Probably fourth quarter and possibly into next year, we'll see.
But again, we're hoping to.
Consume as much of that release in loan growth as we possibly can whether we would have a net recovery in a given period fourth quarter.
We'd say that we'd have to have quite a bit of loan growth to overcome the reserve from the provisional reserves, but then after that that reserve recovery should should mellow out and we should just be provisioning after that based on growth.
Okay.
Gotcha, so growth the provision line should be positive next year. Once you pass through a couple of once you've run through a little bit of what you've got here. The next couple of quarters that would be our objective.
Okay, and then just lastly on the on the capital front.
Yes.
Obviously the share repurchases were strong this quarter just kind of how are you thinking about capital at this point and either.
Yes, the best deployment of I know, you said theres still buyback potential or the dividend or M&A, how should we think about that.
I would say capital is going to remain relatively stable.
We're nearing limits regulatory limits on buyback from a timing perspective, so the volumes will not be as strong as they were before we've kind of used all of our most of our excess buyback capability from a regulatory perspective and that'll continue through first quarter of next year.
We're not really looking at M&A right now our focus remains on organic growth.
I would say if we do do M&A, it's going to be in.
Asset origination focused area for.
For example, the payoff we got.
Somewhat unexpectedly a $10 million payoff in equipment finance corporate equipment finance was due to bank.
Buying an independent equipment lessor.
They are paying off the discounted lease exposure and they want the asset originations. So there's an example of something we could do.
And we have another one.
Or are we know of that may be exploring a sale.
So that activities out there, but right.
Right now in the in the relatively short term I would not expect any material M&A activity on our side.
We prefer to focus the resources, we have now on organic growth.
We really obviously don't need any additional deposits.
We'd like to focus resources on organic business deposit growth and we're seeing some early signs that that's working in our treasury services area.

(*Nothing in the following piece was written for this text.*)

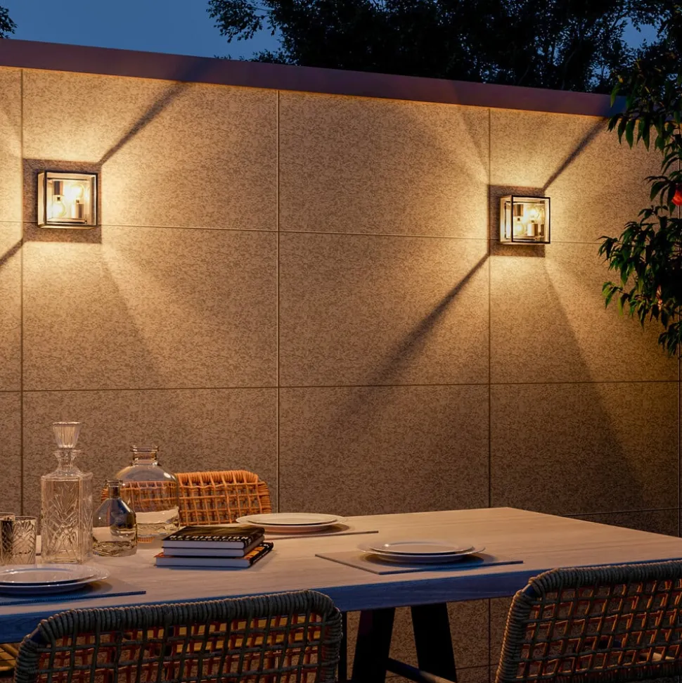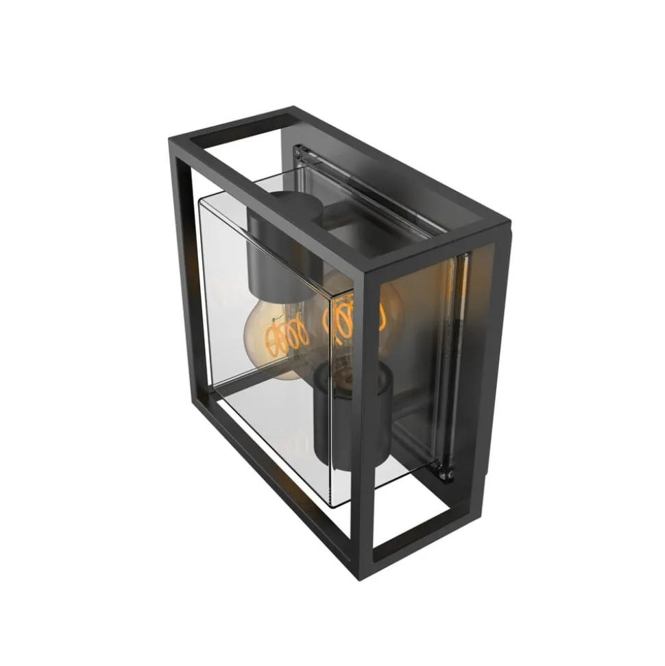 Moderne utendørs vegglampe i svart kubusform med to stikkontakter Denne utendørs vegglampen er en stilig lyskilde som gjør seg godt i moderne miljøer. En nedadvendt E27-sokkel og en oppadvendt E27-sokkel er plassert ved siden av hverandre bak et klart polykarbonatdeksel. Veggplaten og den åpne, kubiske ytterkonstruksjonen er laget av aluminium og har en svart finish – Kapslingsgrad: IP44
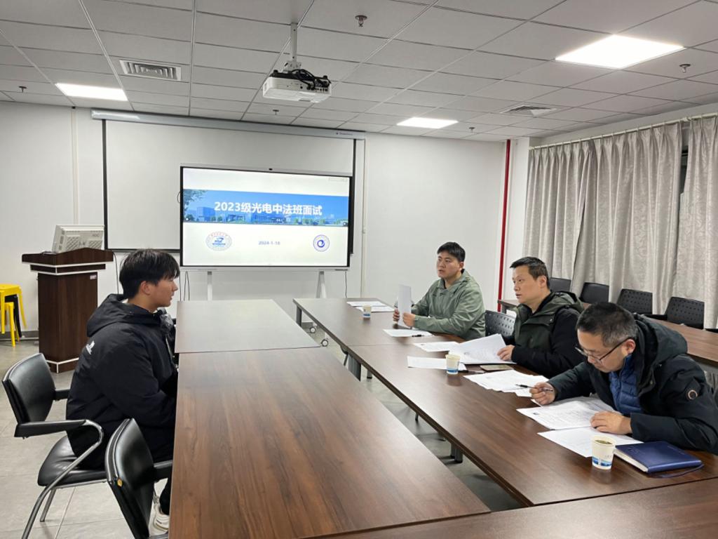 1月18日下午,学院2023级光电中法班面试在光电大楼举行。唐明副院长、陈林教授、23级辅导员韩天阳作为面试官出席会议,外事专员刘田昕主持会议。

And we'd like to focus resources on growing our trust income, which is also starting to make some progress. So I would expect capital remains stable over the next couple of quarters.
I would not expect any big changes that we know of right now.
Gotcha, Okay, I will step back thanks for taking the questions Brian.
State your time, thank you.
Again, if you would like to ask a question press star one on your telephone keypad again that is star and the number one.
There are no further questions at this time I will now turn the call back over to MS. Morgan Geisha.
Thank you one question that wasn't asked.
Is about what's going on with branch facilities.
And a couple of things about branch facilities. One we are seeing continued customer interest in the branches.
But.
It's been asked before.
What we're thinking about in terms of branches. We are nearing the end of that review and I would expect in the next couple of quarters.
Have some announcements about where we're going ahead with branch offices, we're especially focused on looking at how business customers are changing how they use branch facilities how to look at technology in working with those customers and we're also looking at the fact that we are increasingly growing business.
Deposits.
Within the C&I portfolio and those customers are not dependent on branch services. So the diversity of the deposit base continues.
And that points us more towards electronic services telecommunications services, and less bricks and mortar. So all of those trends and factors continue to be evaluated but I would imagine over the next three to six months, we will have.
Some announcements about how we're going to.
Work in this brave new world of both customers working from home and a broader diversification of the geographic base of our deposits.
With no further questions. We thank you for your interest in bank financial we wish everyone. A happy holiday season upcoming in and we will talk to you in 2022.
Ladies and gentlemen, this concludes today's conference call. Thank you for participating you may now disconnect.